Crossing the Bridge to Rome

Pope Benedict isn’t just welcoming Anglicans who are swimming the Tiber to Rome — he’s building them a bridge. That was my first thought when I learned early today of the new structures the Catholic Church will soon have in place to care for the traditionally-minded Anglicans who want to be in full communion with Rome. There are many of them - the Traditional Anglican Communion, some 400,000 strong, has many members who want to return to Rome. They have become increasingly dissatisfied with the Anglican Church as it has discarded more and more of the ancient Christian doctrines and practices, and ordained openly and actively gay clergy.

It was fifty years ago that Pope John XXIII, in announcing that he would call the Second Vatican Council, expressed the hope for the reunion of Christian Churches. Four years later, on his deathbed, he continued to murmur his greatest wish: Ut unum sint (that they may be one). Today, Pope Benedict has brought that dream a giant step closer to reality, at least for Anglicans. Of course, the majority of the Anglican Church will be cut off, perhaps more than ever, from seeing eye to eye with Rome, but they are fast losing all credibility as Christians, even among their own flocks. Benedict’s bridge will no doubt see more and more traffic in coming years.

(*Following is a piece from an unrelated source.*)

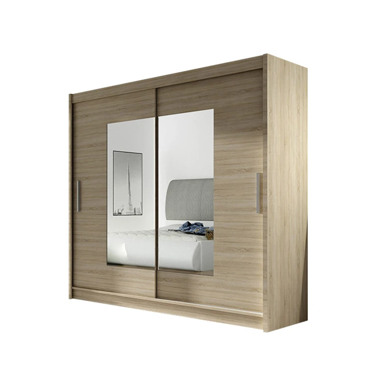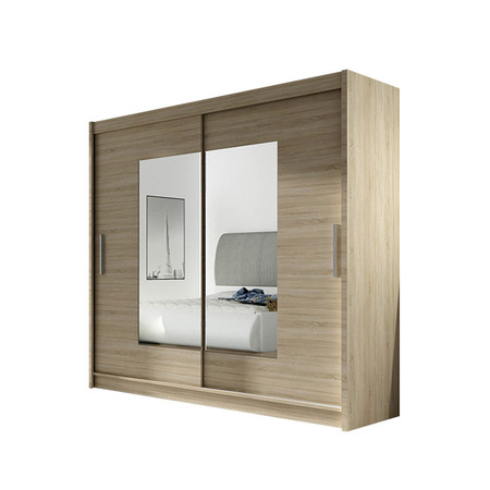 Dvoudveřová šatní skříň se systémem posuvných dveří pro každodenní použití. Moderní, funkční a elegantní. Ideální pro uložení oblečení a jiných osobních věcí. Ideální do ložnice, obývacího pokoje nebo chodby. Praktické zrcadlo uprostřed obou čel. Další výhodou skříně jsou krásné dlouhé stříbrné úchyty. Je vyrobena z nejkvalitnější laminované desky. Díky vodícímu systému se snadno otevírá.

The Anglican converts will keep much of their own liturgy and spiritual traditions. This move is at one with Benedict’s wise understanding about the traditionalist Catholics in our own fold — “we can be different but still united.”

Rocco, of course, stole my headline(!), but he has an excellent analysis, as usual.

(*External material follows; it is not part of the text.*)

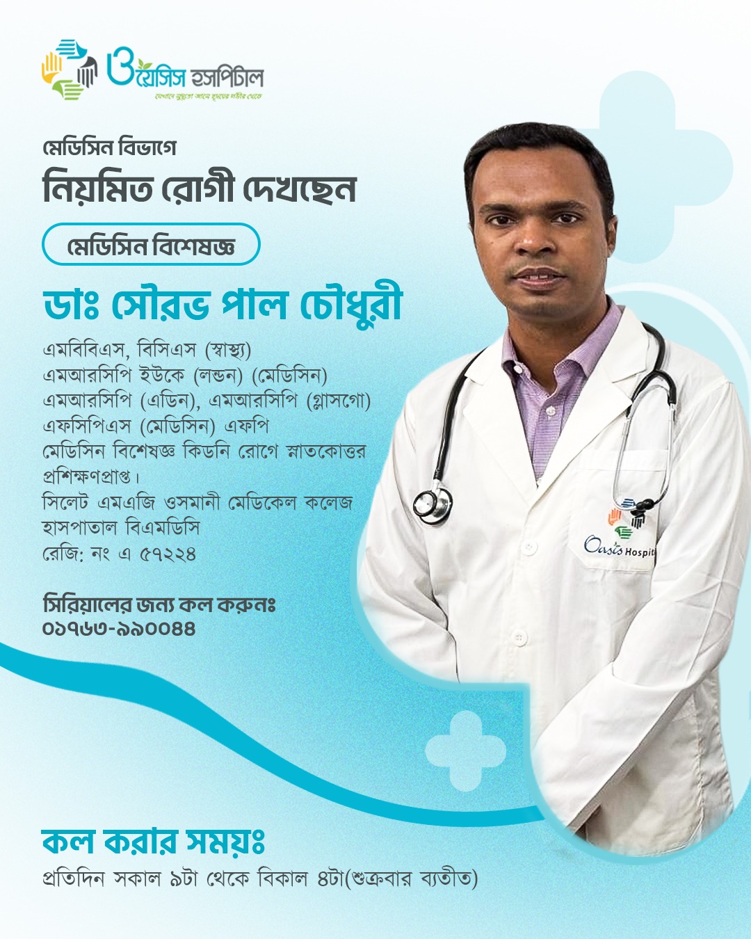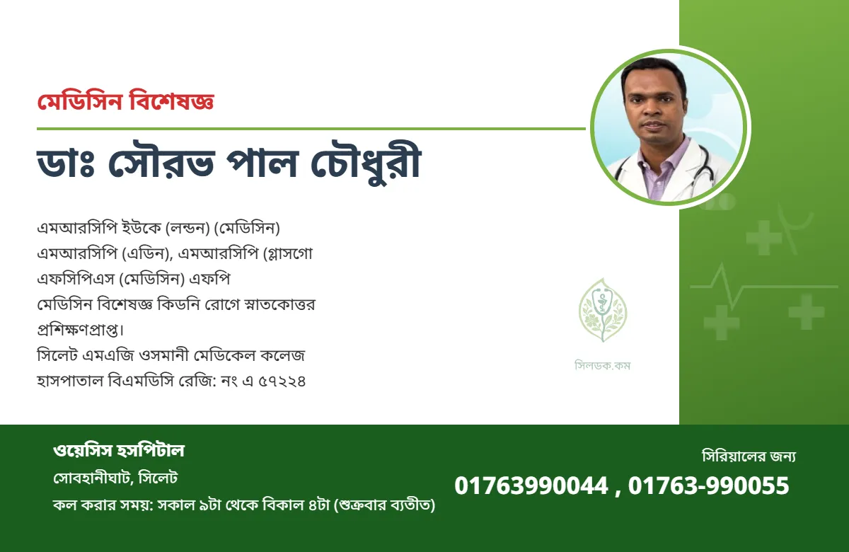 মেডিসিন বিশেষজ্ঞ কিডনি রোগে স্নাতকোত্তর প্রশিক্ষণপ্রাপ্ত। সিলেট এমএজি ওসমানী মেডিকেল কলেজ

Here are the text of the Note by the Congregregation for the Doctrine of the Faith, and the text of the joint declaration of the Catholic Archbishop of Westminster, Vincent Nichols, and the Anglican Archbishop of Canterbury, Rowan Williams.

I wonder whether the reason the date for John Henry Newman’s beatification has been delayed is so that the Catholics and newly in-communion Anglicans can jointly celebrate the Mass elevating this Anglican convert to the altars. If so, what a grand day that will be!

Welcome home to all the exiles.

Update: October 21

Here’s an article from the Catholic Key blog: a commentary on Benedict’s move by a former Anglican priest, now a Catholic priest at an Anglican use parish. Fascinating!

October 23

Here is some more fascinating information from a website dedicated to Cardinal Newman, about his hopes for Anglican reunion with Rome a century ago. The scheme that was proposed at that time collapsed, but as Newman wrote:

“It seems to me there must be some divine purpose in it. It often has happened in sacred and in ecclesiastical history, that a thing is in itself good, but the time has not come for it … And thus I reconcile myself to many, many things, and put them into God’s hands. I can quite believe that the conversion of Anglicans may be more thorough and more extended, if it is delayed – and our Lord knows more than we do.”

Prophetic words indeed.

And it seems that St. Therese of Lisieux, whose relics were on display very recently in England, may have had a large role to play in all this. The whole story is worth reading.